Es más habitual entre los niños que entre nosotros los adultos. Los más pequeños tienen una imaginación desbordante que les permite encontrar explicación para todo. Por eso, dicho sea de paso, resulta tan difícil hacer magia para ellos: siempre creen haber encontrado la solución al truco, aunque luego les preguntas cuál y es descabellada. Este tipo de razonamientos van perdiendo importancia a medida que progresa el desarrollo cognitivo, pero yo estoy convencido de que soñar siempre será necesario. Y me refiero tanto a soñar dormido como a soñar despierto.

¿Pero la rutina y las obligaciones no apagan la magia?

Fomentamos la necesidad de tener una respuesta lógica y racional para todo. Seguramente tenemos que ver la vida con ojos de niño y así provocar que se produzca la magia, que es algo que depende en gran medida de cómo pensamos.

También abordas la cuestión de los pensamientos distorsionados o negativos y cómo superarlos. ¿Nos adelantas algunas de las ideas que das en el libro?

He clasificado hasta doce tipos de pensamientos negativos que nos frenan.

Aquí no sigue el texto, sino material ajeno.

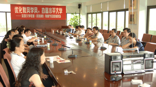 9月5日上午11点,我校章必功校长、教务处徐晨处长和招生就业办姚凯主任作为节目嘉宾参加了深圳广播电台《民心桥》直播节目,以“优化教风学风,办高水平大学”为主题现场解答了报考招生、学生宿舍、医学院筹建及新校区建设等广大市民关心的热点问题。 我校校园网对节目进行了实时直播,校党委书记江潭瑜与部分学院、机关部处的领导统一收听了直播节目。节目结束后,江书记要求各有关职能部门要及时跟踪并解决群众...
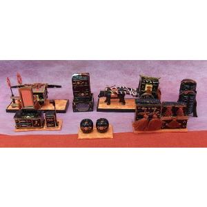 豆お道具七品セット 12号 雛人形道具 豆道具 ひな人形用のお道具セット ミニサイズ 雛道具 行器 箪笥 挟箱 長持 鏡台 針箱 火鉢 御駕籠 重箱 牛車

Desde percibir las cosas en extremos, sin término medio, como maravillosas u horribles, lo que se denomina “pensamientos polarizados”, hasta poner etiquetas globales, sobregeneralizar o interpretar sin fundamento determinadas situaciones. El primer paso para luchar contra estas diversas categorías de pensamientos distorsionados es identificarlos, para luego poder contrarrestarlos. 

Otra causa frecuente de negatividad y bloqueo que también tratas son los “y si”.

Un “y si” es una respuesta emocional que nuestro cerebro genera como mecanismo de defensa ante los cambios que supone afrontar un reto. Los “y si” llegan a bloquear nuestro cerebro. Yo podría haber pensado: “¿Y si este libro no le gusta a nadie? ¿Y si ningún editor quiere publicarlo?” No hubiera avanzado en su escritura y hoy no estaríamos haciendo esta entrevista. Debemos intentar ignorar los “y si”, manteniéndonos centrados y motivados ante los nuevos desafíos.

Acostumbrado a tratar con el público desde un escenario, ¿cómo te sientes haciéndolo a través de un libro y enfrentándote a su veredicto? ¿Qué reacciones has tenido?    

Todos los comentarios están siendo muy amables y cariñosos, pero este tipo de libros catalogados como desarrollo personal o autoayuda pueden llevar a equívoco. En el caso de este libro no hay humo, ni palabras que sólo sirvan para adornar. Es un libro basado en la verdad, concretamente en la mía, que no es ni la mejor ni la peor, simplemente la mía. Ojalá cada lector se quede con lo bueno y lo aplique a los aspectos de su vida que quiera mejorar.